No surprises here: Saving journalism, he finds, is a bigger task than all of U.S. philanthropy is able to take on. And we learn that we may be entering a "gray age" of information in which newspapers and other legacy media cut budgets faster than other sources can fill the void.

But the parts that may be most interesting are those in which Westphal explores some possible new models in interviews with leaders of the St. Petersburg Times and Human Rights Watch, an advocacy organization that is stepping into a new role as content producer.
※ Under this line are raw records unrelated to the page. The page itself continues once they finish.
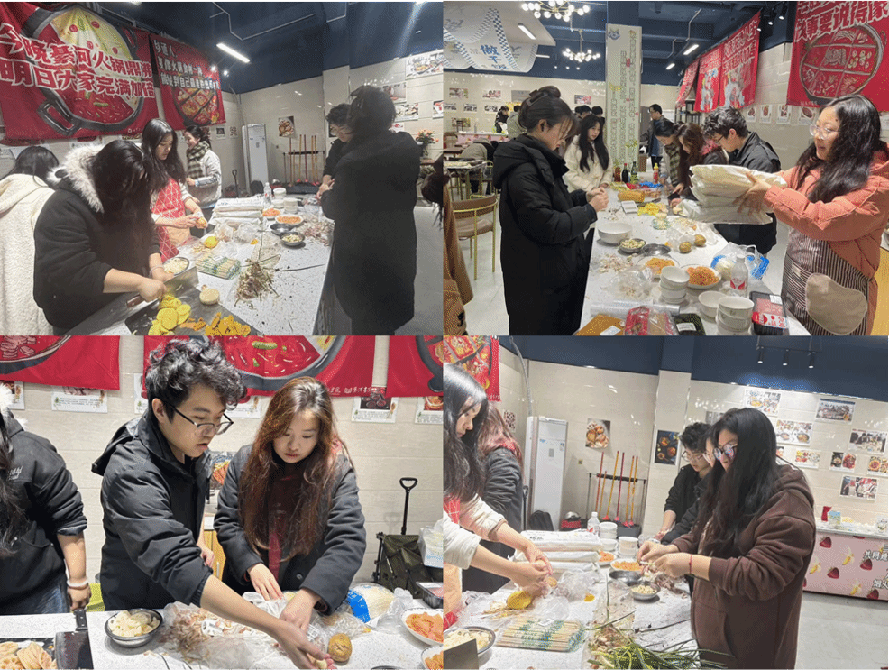 活动伊始,同学们轻装上阵,从择菜、洗菜到切菜、调制沾碟、安排餐桌和餐位,每一步都亲力亲为,将劳动的乐趣与团队协作的精神展现得淋漓尽致。尽管在制作火锅的过程中遇到了不少挑战,但大家集思广益,共同克服,最终呈现了一场色香味俱全的火锅盛宴。
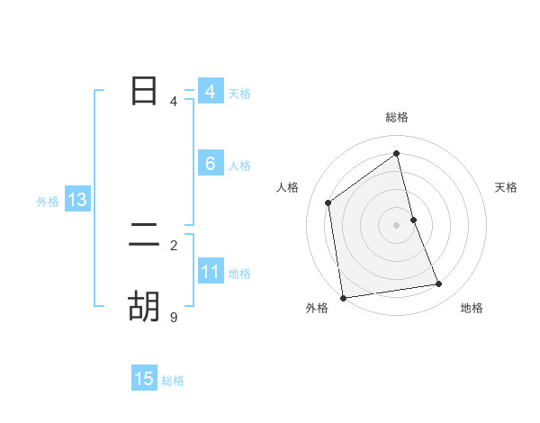日 二胡さんの外格は13画の5点!
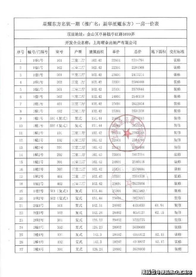 一房一价表如下:
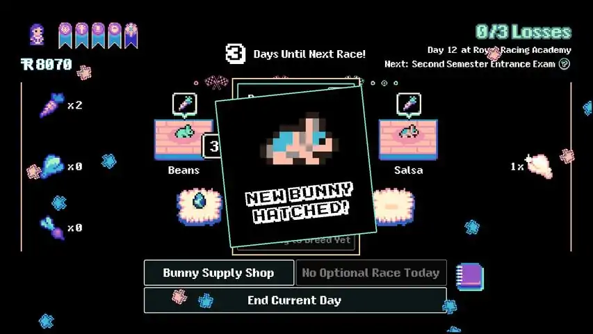 Dive into a roguelike management sim where your career as a racing bunny stable manager may be as fast and short as a bunny's quick lifespan. Reach the Diamond Dutch Ultimatum Race before you accumulate three losses!With unique Natures that impact racing and feeding strategy, each bunny you buy as an egg and hatch will contribute to your roster in a unique way. With only a brief period of time before your bunnies are too old to race and retire, you have to budget carefully for different types of food that will raise one of a bunny's three stats. Do you focus on stamina so they can sprint for longer, or go all in on speed - or do you give them more chutzpah, allowing for a bigger boost to their speed when they sprint? Will you go for a balanced approach, or a targeted one?It's up to you to direct your bunny's energy once they hit the track, knowing when to sprint, when to reserve their stamina, and when to go for broke and risk using all their stamina knowing that they'll pass out shortly after you empty their stamina bar! Once your bunnies are old enough, breed them together to combine their stats resulting in super-speedy multicolored offspring. Watch your bunnies' lineage grow and become more and more colorful as you add more bunnies (and their juicy stats!) to the

He also dives deeper into the notion of specialty nonprofits a la Kaiser Health News.

In any case, it's a well written, informative narrative, and it shines some light on what the field of journalism looks like from the point of view of foundations at the national and community levels.

For more info, here's the official press release on Westphal's report.

Wednesday, July 1, 2009

Pocantico Declaration

Another big step in the process of scaling up: After meeting for the past three days at the Rockefeller Foundation's Pocantico Conference Center, about three dozen editors and publishers of nonprofit news organizations today issued a declaration of their intent to build a first-ever Investigative News Network.

I'll let the Pocantico Declaration speak for itself, but the upshot is that there is a lot of room for collaboration among journalism nonprofits - everything from sharing news and information to combining back office functions such as benefits. There's even a mention of doing joint fundraising. It's an ambitious agenda.

The next big goal is to create a new, nonprofit corporation to coordinate this work. Until then, the Center for Public Integrity will act as the network's agent.